Sunday, April 28, 2024

US refuses to rule out “attacks on Iran”

US National Security Advisor Jake Sullivan has refused to rule out striking targets inside Iran in the wake of repeated strikes on what Washington calls Tehran-linked groups across the Middle East. Iran has warned any attack by the US will be met by crushing response.

Speaking to NBC, Sullivan was asked repeatedly if the US was considering attacks inside Iran.

“Well, sitting here today on a national news programme, I’m not going to get into what we’ve ruled in and ruled out from the point of view of military action,” he said.

“What I will say is that the president is determined to respond forcefully to attacks on our people. The president also is not looking for a wider war in the Middle East.”

Pressed again on the question, he continued to avoid a direct answer.

“I’m not going to get into what’s on the table and off the table when it comes to the American response,” he added.

Iranian President Ebrahim Raisi has stressed that Tehran will not start a war but will give a decisive and strong response to any adventurism seeking to bully the Islamic Republic.

“We have said many times that we will not be the initiator of any war, but if a country or a cruel force wants to bully the Islamic Republic of Iran, it will respond firmly,” Raisi said on Friday.

He added Iran’s military power does not pose any threat to the countries in West Asia but it is a source of security and stability that the regional states can rely on.

The US, along with the UK, launched strikes on Yemen’s Houthis overnight, hitting dozens of targets, just a day after they hit a number of groups in Syria and Iraq.

The attacks came in response to a drone strike on an American outpost in Jordan that killed three soldiers, which the US blamed on Iran-backed groups. Tehran has stressed that regional resistance groups do not take orders from Iran, nor does the Islamic Republic have a role in their decisions to carry out retaliatory operations in defense of Palestine.

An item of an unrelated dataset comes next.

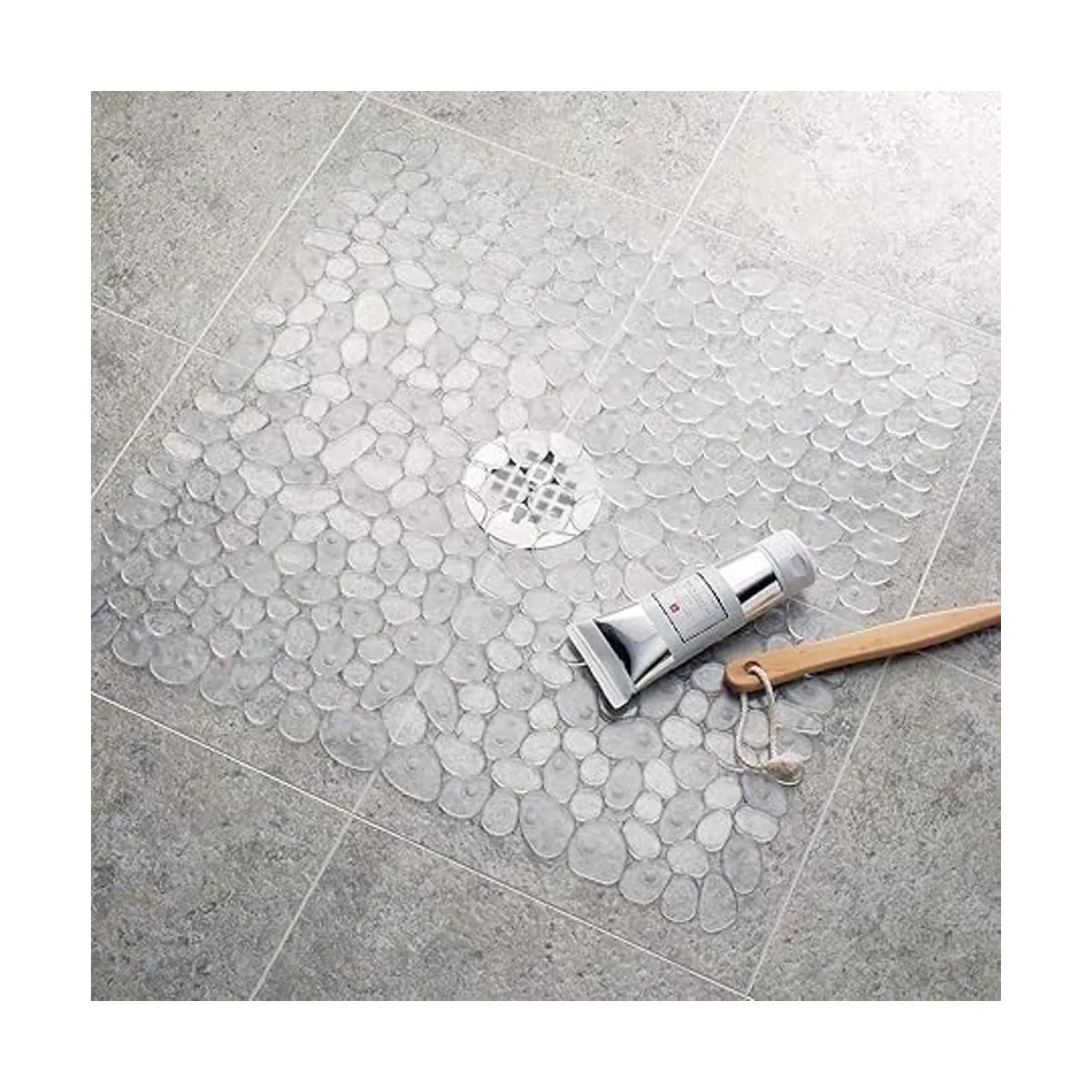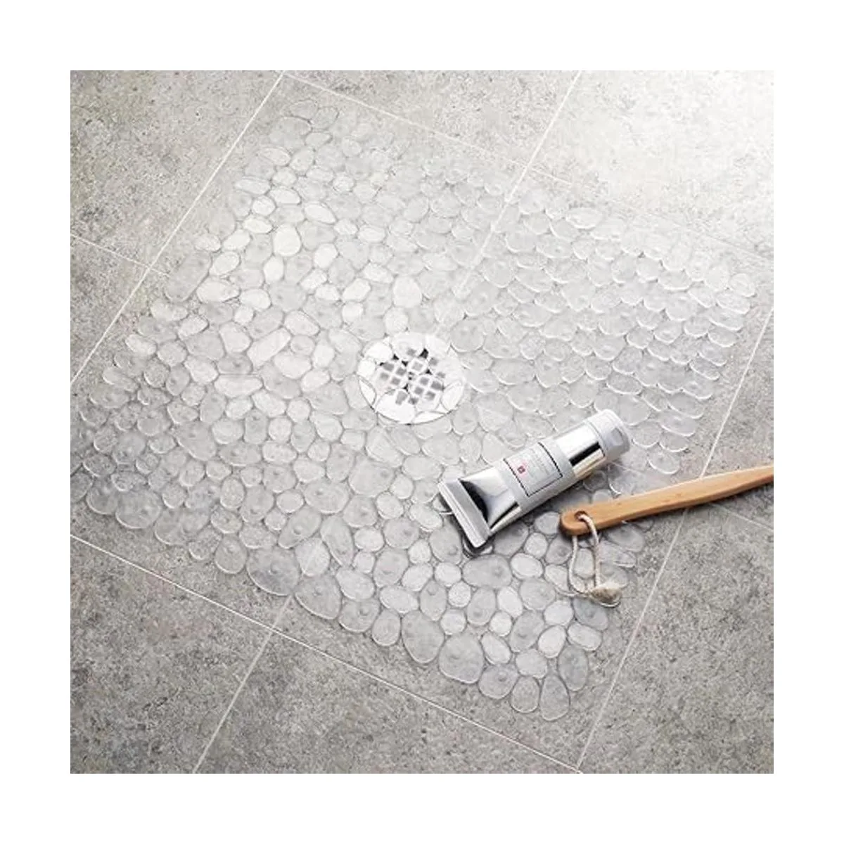 Alfombrilla de baño, succión antideslizante para ducha InterDesign Pebblz, Vinilo, Transparente, 0

Iran on Sunday warned that the strikes across the region appeared to “contradict” the stated desire by the leaders of the US and UK that the fighting in Gaza not expand into a regional war.

Iran’s foreign ministry spokesman, Nasser Kanani, said in a statement that the attacks were “in clear contradiction with the repeated claims of Washington and London that they do not want the expansion of war and conflict in the region”.

He stressed the two countries were “fuelling chaos, disorder, insecurity and instability” by supporting Israel in its war in Gaza, which has so far left at least 27,300 people dead, according to the health ministry in Gaza.